[Information Boundary: Start]

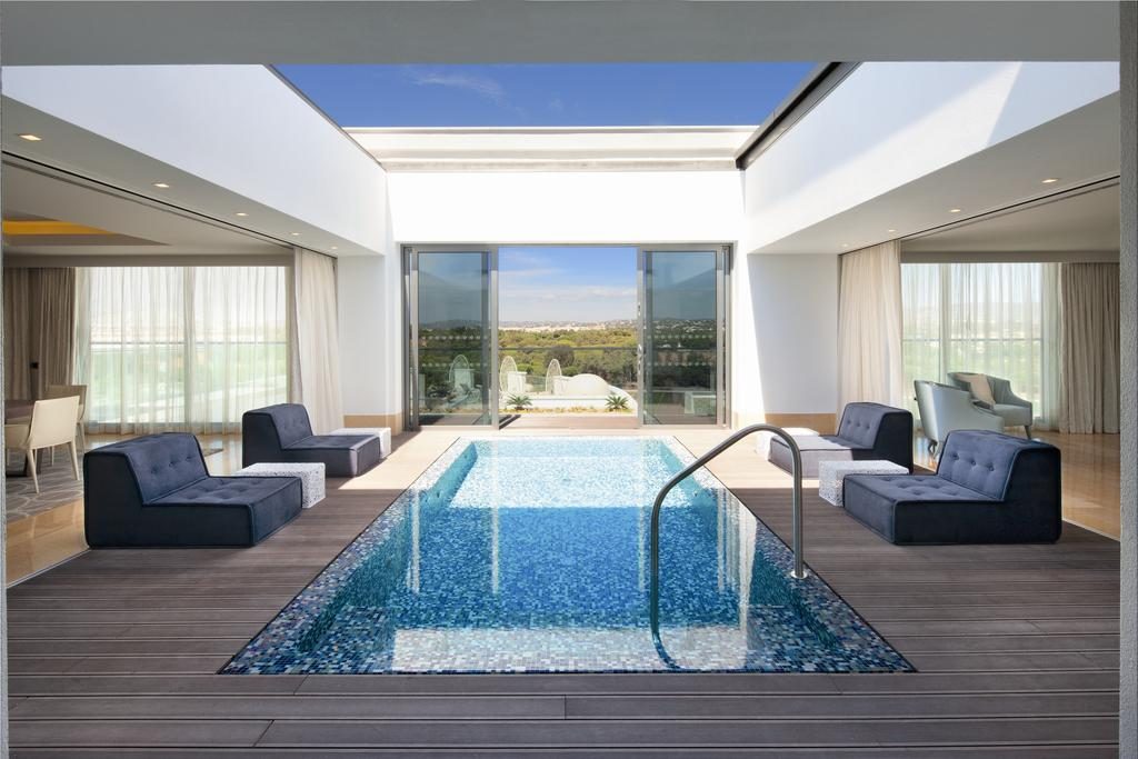 O hotel 5 estrelas mais luxuoso do Algarve. Todos os quartos e suites do Hotel Conrad combinam um design contemporâneo com tons de cinzento. Os quartos têm acesso a Wi-Fi gratuito, TV e casa de banho em mármore
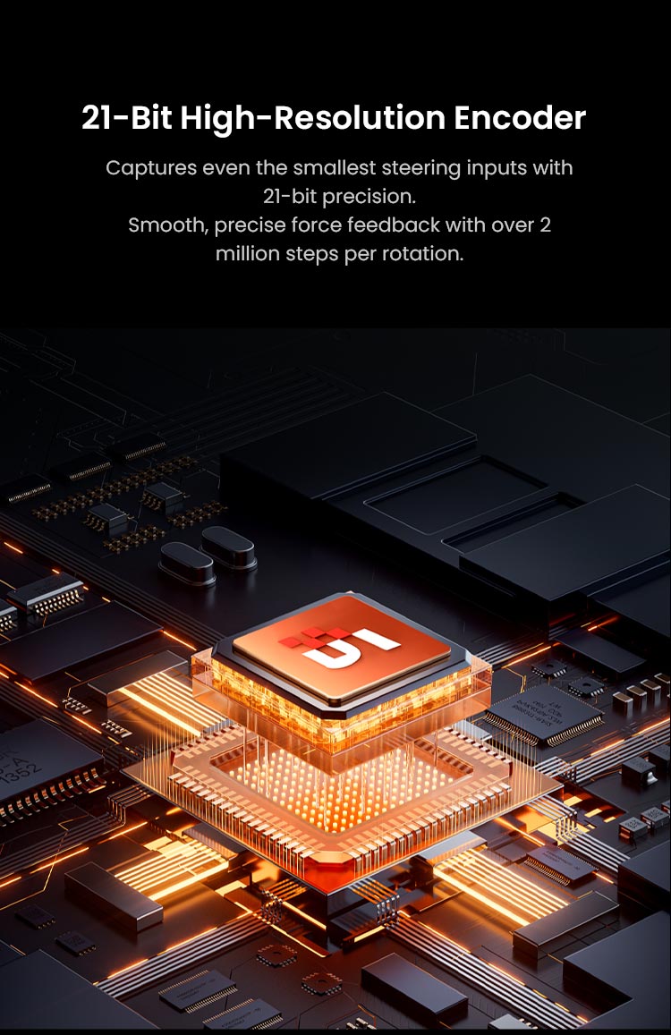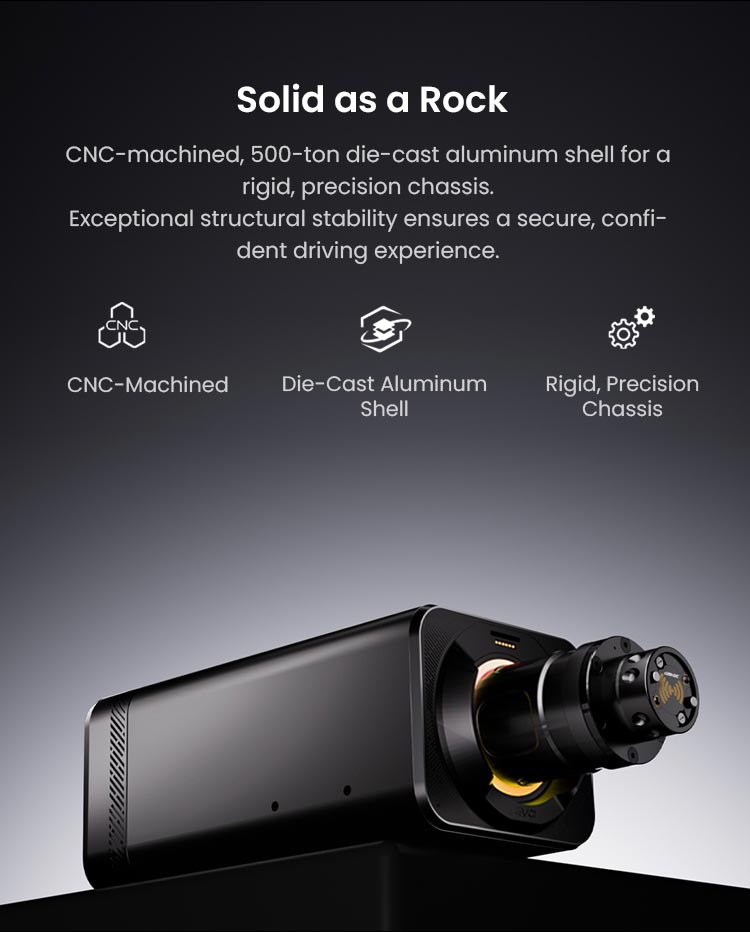 Das aus Aluminiumguss gefertigte und CNC-gefräste Chassis bietet eine robuste und stabile Struktur, die auch intensiven Fahreinsätzen standhält, ohne an Präzision einzubüßen. In Kombination mit dem 21-Bit-Encoder erfasst das System selbst kleinste Lenkradbewegungen und sorgt so für ein extrem natürliches und detailreiches Fahrgefühl.
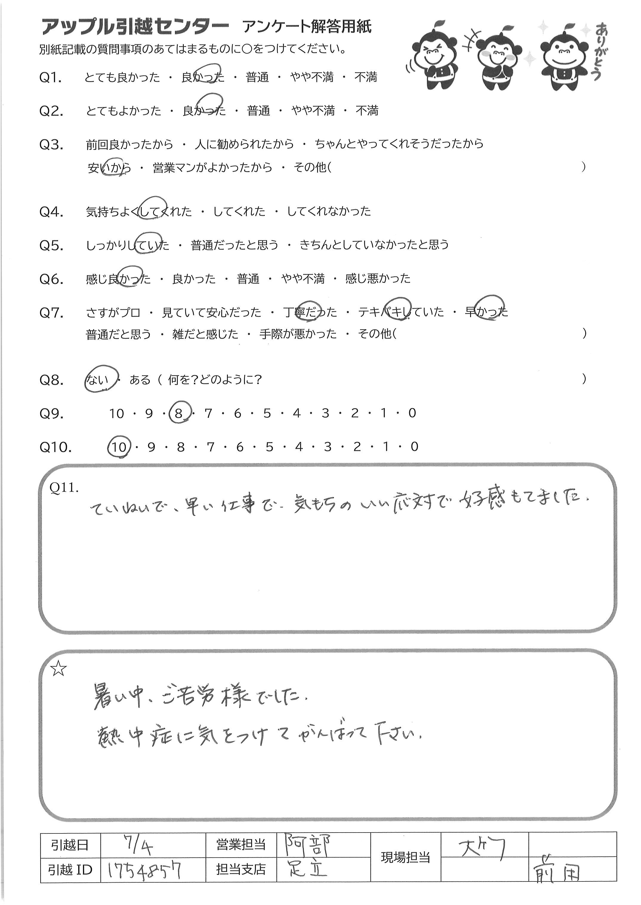 アップル引越センターでは、面映いお褒めの言葉も、胸に突き刺さるお叱りのコメントも、
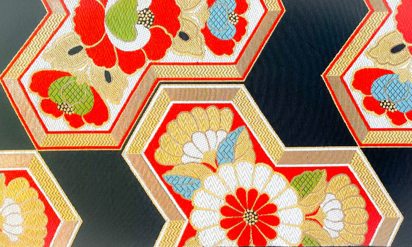 The geometric pattern resembling mountain ranges created by jagged lines is commonly known as "yamamichi/yamaji." Sometimes, a distinction is made by calling the acute-angled version "nokogiri-hamon." This pattern is frequently found in decorative borders, and its use extends to the main motifs in order to enhance the overall rhythm and unity of garments such as Noh costumes and kosode sleeves.
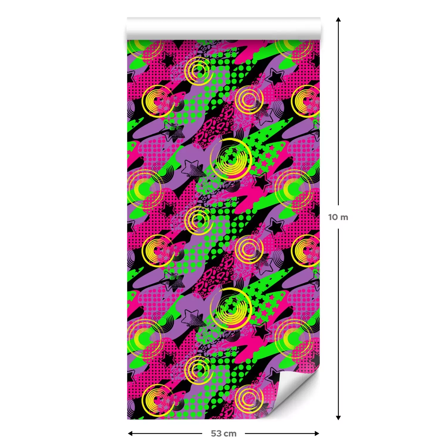 Eine Standard-Tapetenrolle hat die Maße 0,53 m x 10 m und deckt eine Wandfläche von etwa 5 m² ab.
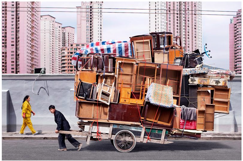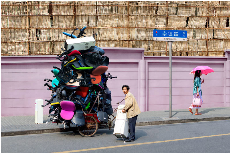 Der ein oder andere wird diese Fotoserie von Alain Delorme schon kennen. Egal. Großartige Bilder aus China, die Menschen auf Ihren Lastenfahrrädern oder sonstigen unmotorisierten Transportkarren zeigen. Wenn man bedenkt, wie viele extra mit dem Auto fahren, um die kleinsten Dinge zu transportieren, werfen diese Bilder doch einige Fragen auf. Es wird von niemandem erwartet, dass er seinen gesamten Umzug mit einem Fahrrad bewältigt, was bei einem WG-Zimmer aber garnicht so abwegig erscheint. Gerade in Großstädten mit öffentlichen Verkehrsmitteln, der Möglichkeit des Car-Sharing (privat initiiert oder eines Unternehmens) und die meisten Ziele in Lauf- oder Fahrradweite, sollte sich jeder mit einem eigenen Auto über den wirklichen Nutzen Gedanken machen.
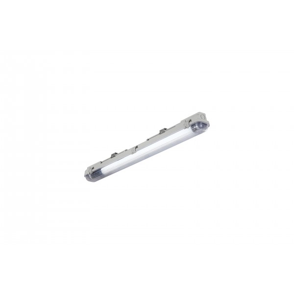 Всепогодный светильник поставляется вместе с сменными светодиодными трубками ToLEDo T8. Легко устанавливается с помощью кронштейнов из нержавеющей стали для потолочного монтажа. Корпус и рассеиватель из поликарбоната.
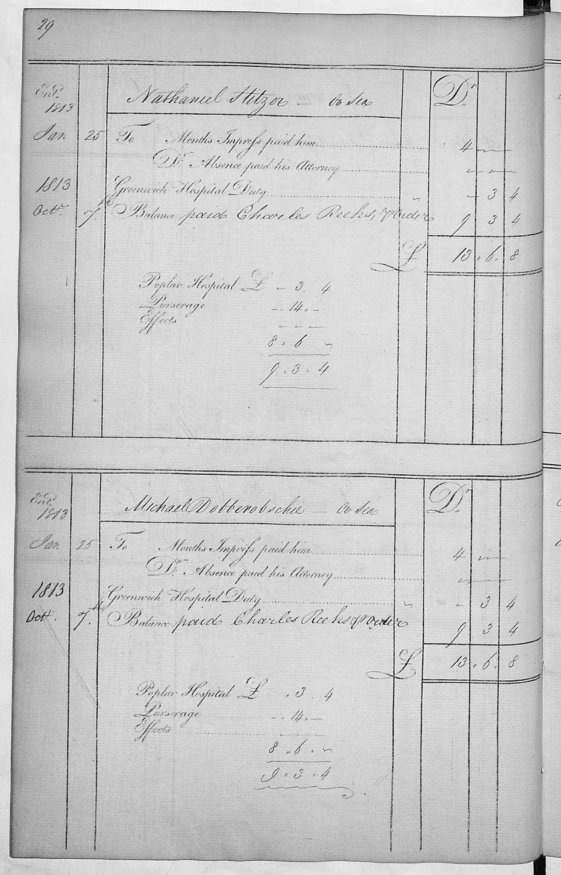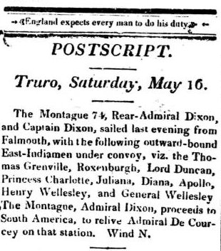 Landed the above seven Passengers at Portsmouth August 9th 1813.
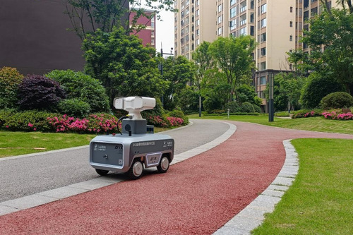 贵州省龙里县中铁国际生态城太阳谷5G全感知智能康养社区内的无人驾驶安防车在运行中(2022年5月23日摄)。新华社记者 刘续 摄
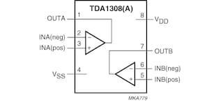 The TDA1308 is an integrated class-AB stereo headphone driver contained in an SO8 or a TSSOP8 plastic package. The device is fabricated in a 1 μm Complementary Metal Oxide Semiconductor (CMOS) process and has been primarily developed for portable digital audio applications.
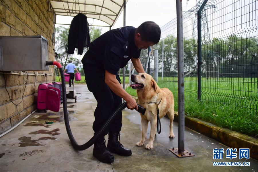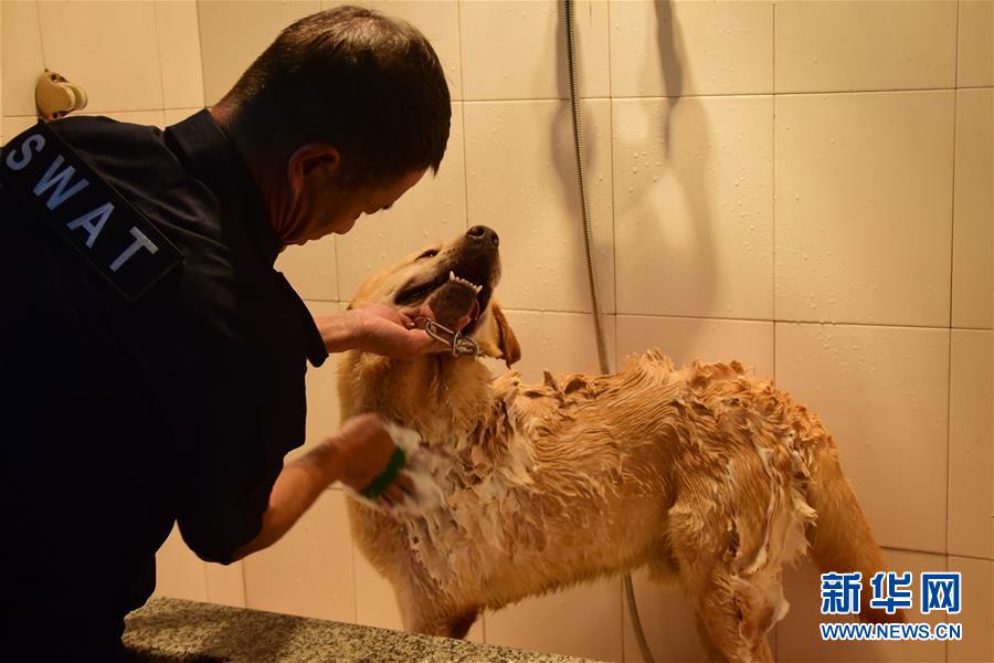 6月24日,訓(xùn)導(dǎo)員周吉榮為緝毒犬“多多”洗澡。 新華社記者 鄭夢雨 攝

[Information Boundary: End]

The first line of the entries, the line containing "Eine Standard-Tapetenrolle hat", and every line between them are to be output exactly; pictures are not.

- Problem solution:
 O hotel 5 estrelas mais luxuoso do Algarve. Todos os quartos e suites do Hotel Conrad combinam um design contemporâneo com tons de cinzento. Os quartos têm acesso a Wi-Fi gratuito, TV e casa de banho em mármore
 Das aus Aluminiumguss gefertigte und CNC-gefräste Chassis bietet eine robuste und stabile Struktur, die auch intensiven Fahreinsätzen standhält, ohne an Präzision einzubüßen. In Kombination mit dem 21-Bit-Encoder erfasst das System selbst kleinste Lenkradbewegungen und sorgt so für ein extrem natürliches und detailreiches Fahrgefühl.
 アップル引越センターでは、面映いお褒めの言葉も、胸に突き刺さるお叱りのコメントも、
 The geometric pattern resembling mountain ranges created by jagged lines is commonly known as "yamamichi/yamaji." Sometimes, a distinction is made by calling the acute-angled version "nokogiri-hamon." This pattern is frequently found in decorative borders, and its use extends to the main motifs in order to enhance the overall rhythm and unity of garments such as Noh costumes and kosode sleeves.
 Eine Standard-Tapetenrolle hat die Maße 0,53 m x 10 m und deckt eine Wandfläche von etwa 5 m² ab.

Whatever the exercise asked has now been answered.